**ACTIVITY**
Set down every record below exactly as it appears, but without the pictures.

(Excerpts from a dataset)
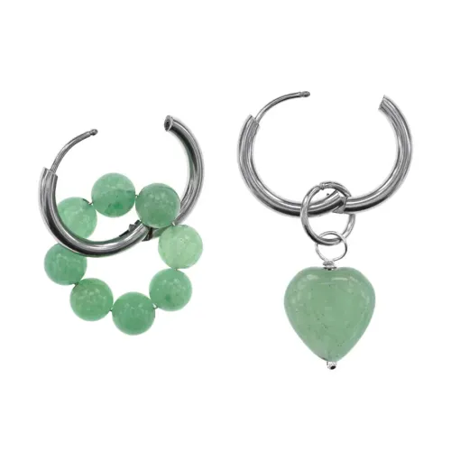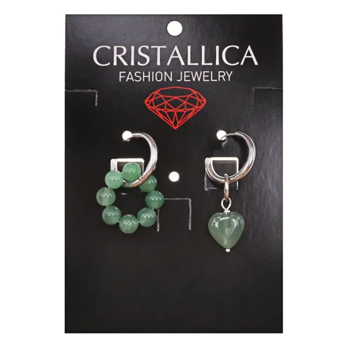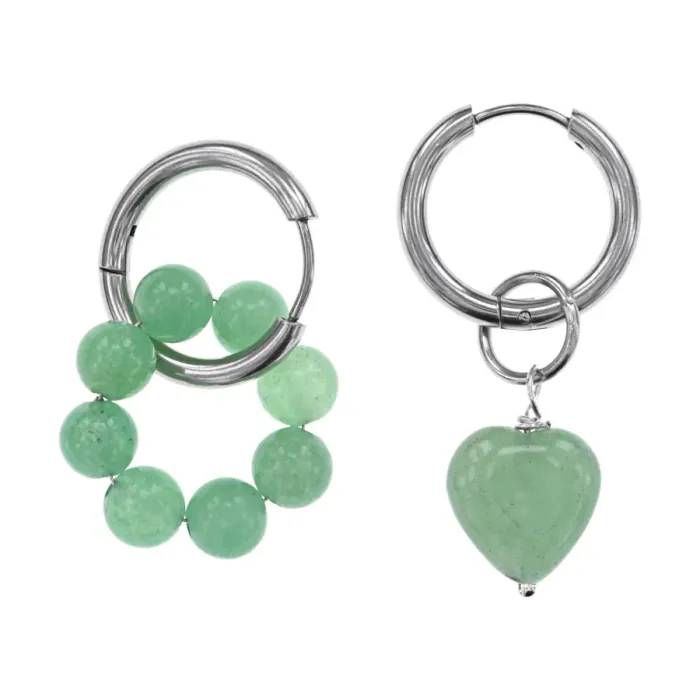 Ассимметричные серьги из гипоаллергенного сплава с натуральным камнем нефрит.
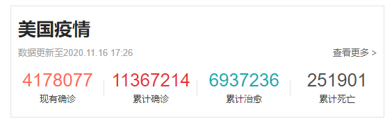 美国新冠肺炎累计确诊病例全球最多,超过1136万例,达到11367214例;累计死亡病例超过25.1万例,达到251901例。
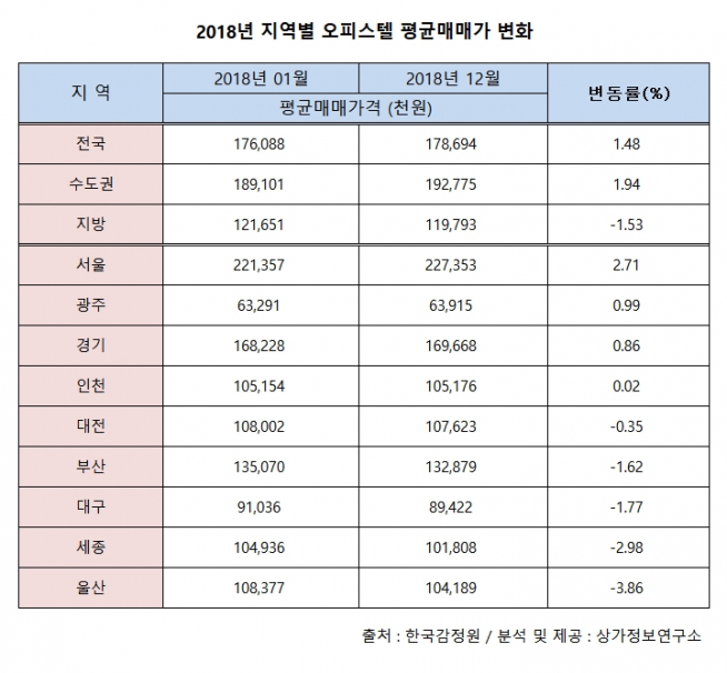 3일 수익형부동산전문기업 상가정보연구소는 한국감정원 통계를 분석한 결과 지난해 전국 오피스텔 평균매매가격이 1억7608만8000원(1월10일 기준)에서 1억7869만4000원(12월10일 기준)으로 1.48% 상승했다고 밝혔다.
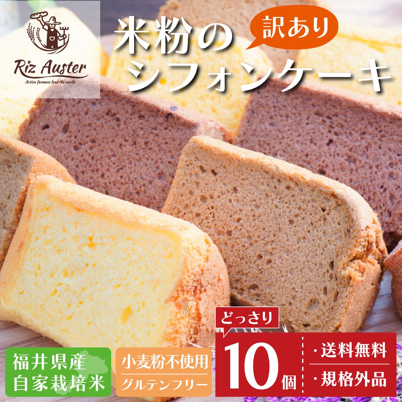 ・シフォンケーキ 10個入り(紅茶・きなこ・黒ごまを組み合わせています。写真にはプレーンが入っておりますが、今回のセットにプレーンは含まれませんのでご注意ください。)
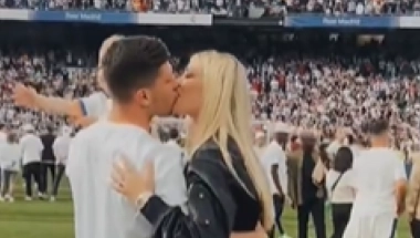 SCENA O KOJOJ BRUJI ŠPANIJA Jović slavio sa igračima Reala, a onda je došla Sofija - poljubio je pred punim tribinama (VIDEO)
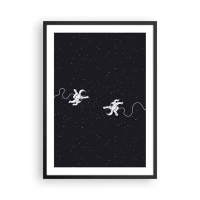 Pôster com moldura preta - Dois astronautas flutuando no espaço - 50x70cm - Emaranhado Cósmico - Decoração de parede moderna para a sala de estar e quarto ARTTOR
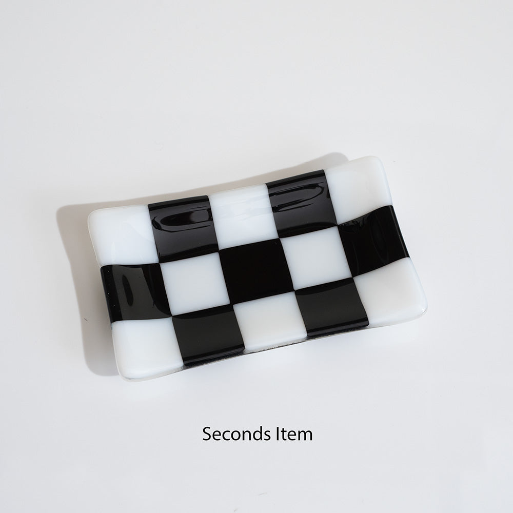 "Seconds" 15x8cm Chequered White & Black Medium Tray (please read full description)
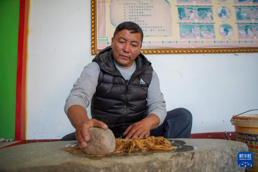 格桑旦增的弟弟普琼用石头捶打狼毒草,这是制作藏纸的步骤之一(12月5日摄)。新华社记者 关明辉 摄
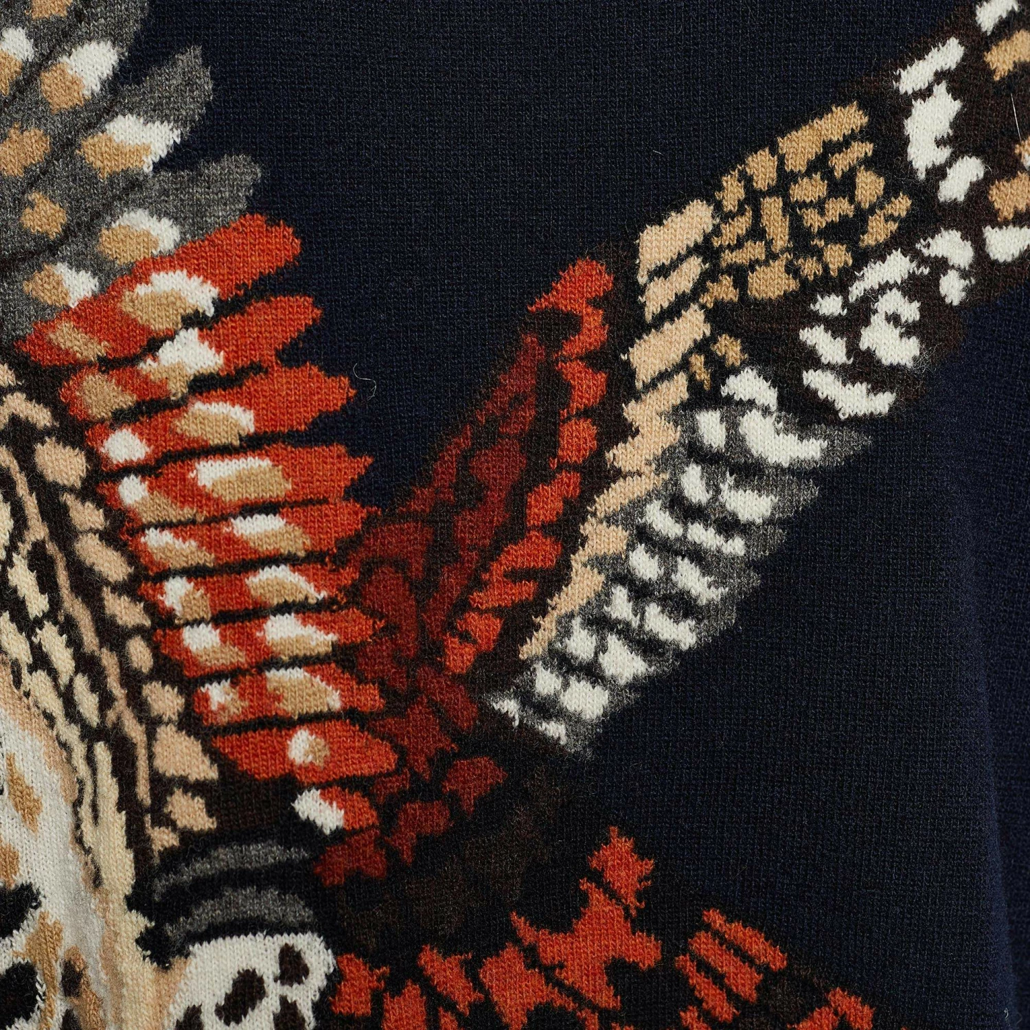 Update your winter wardrobe with this dress from Stella McCartney. It is fashioned in navy-blue jacquard fabric, with an eagle accent highlighting the front. It sports a comfy fit with long sleeves. This Stella McCartney creation awaits to be yours!
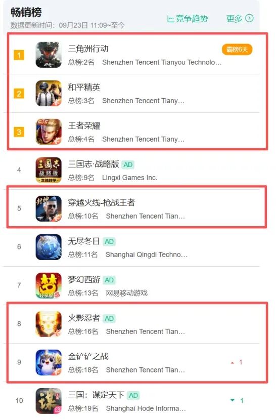 在APP端市场,腾讯已长期稳居畅销榜前10的一半以上席位,各品类的头部产品也形成了强烈的虹吸效应,持续压缩着中腰部厂商的生存空间。
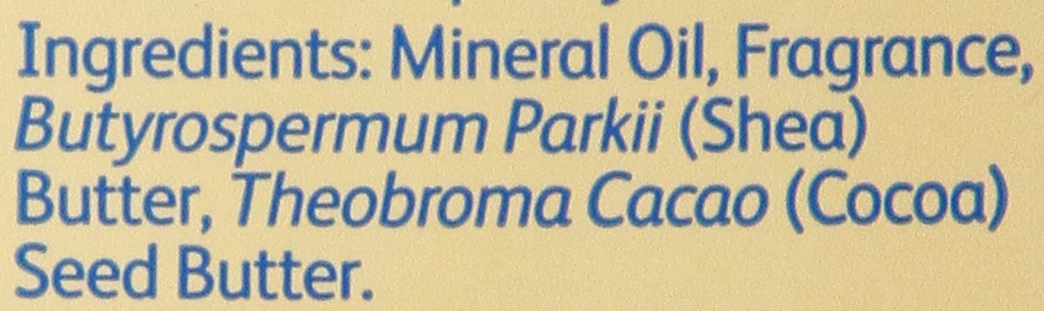 20-fluid ounce bottle of pure baby oil, enriched with shea & cocoa butter, formulated to help moisturize babies’ delicate skin, and protect skin from dryness, great for relieving dry skin or rough patches
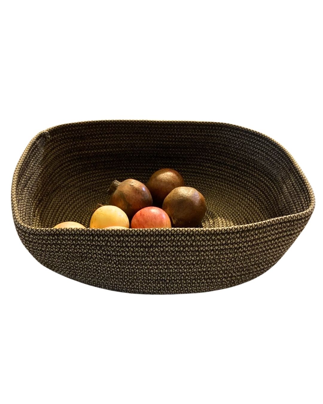 This handcrafted boat-shaped centrepiece, made from cord, features a dark bronze look, perfect for holding fruit.

**ANSWER SECTION**
 Ассимметричные серьги из гипоаллергенного сплава с натуральным камнем нефрит.
 美国新冠肺炎累计确诊病例全球最多,超过1136万例,达到11367214例;累计死亡病例超过25.1万例,达到251901例。
 3일 수익형부동산전문기업 상가정보연구소는 한국감정원 통계를 분석한 결과 지난해 전국 오피스텔 평균매매가격이 1억7608만8000원(1월10일 기준)에서 1억7869만4000원(12월10일 기준)으로 1.48% 상승했다고 밝혔다.
 ・シフォンケーキ 10個入り(紅茶・きなこ・黒ごまを組み合わせています。写真にはプレーンが入っておりますが、今回のセットにプレーンは含まれませんのでご注意ください。)
 SCENA O KOJOJ BRUJI ŠPANIJA Jović slavio sa igračima Reala, a onda je došla Sofija - poljubio je pred punim tribinama (VIDEO)
 Pôster com moldura preta - Dois astronautas flutuando no espaço - 50x70cm - Emaranhado Cósmico - Decoração de parede moderna para a sala de estar e quarto ARTTOR
 "Seconds" 15x8cm Chequered White & Black Medium Tray (please read full description)
 格桑旦增的弟弟普琼用石头捶打狼毒草,这是制作藏纸的步骤之一(12月5日摄)。新华社记者 关明辉 摄
 Update your winter wardrobe with this dress from Stella McCartney. It is fashioned in navy-blue jacquard fabric, with an eagle accent highlighting the front. It sports a comfy fit with long sleeves. This Stella McCartney creation awaits to be yours!
 在APP端市场,腾讯已长期稳居畅销榜前10的一半以上席位,各品类的头部产品也形成了强烈的虹吸效应,持续压缩着中腰部厂商的生存空间。
 20-fluid ounce bottle of pure baby oil, enriched with shea & cocoa butter, formulated to help moisturize babies’ delicate skin, and protect skin from dryness, great for relieving dry skin or rough patches
 This handcrafted boat-shaped centrepiece, made from cord, features a dark bronze look, perfect for holding fruit.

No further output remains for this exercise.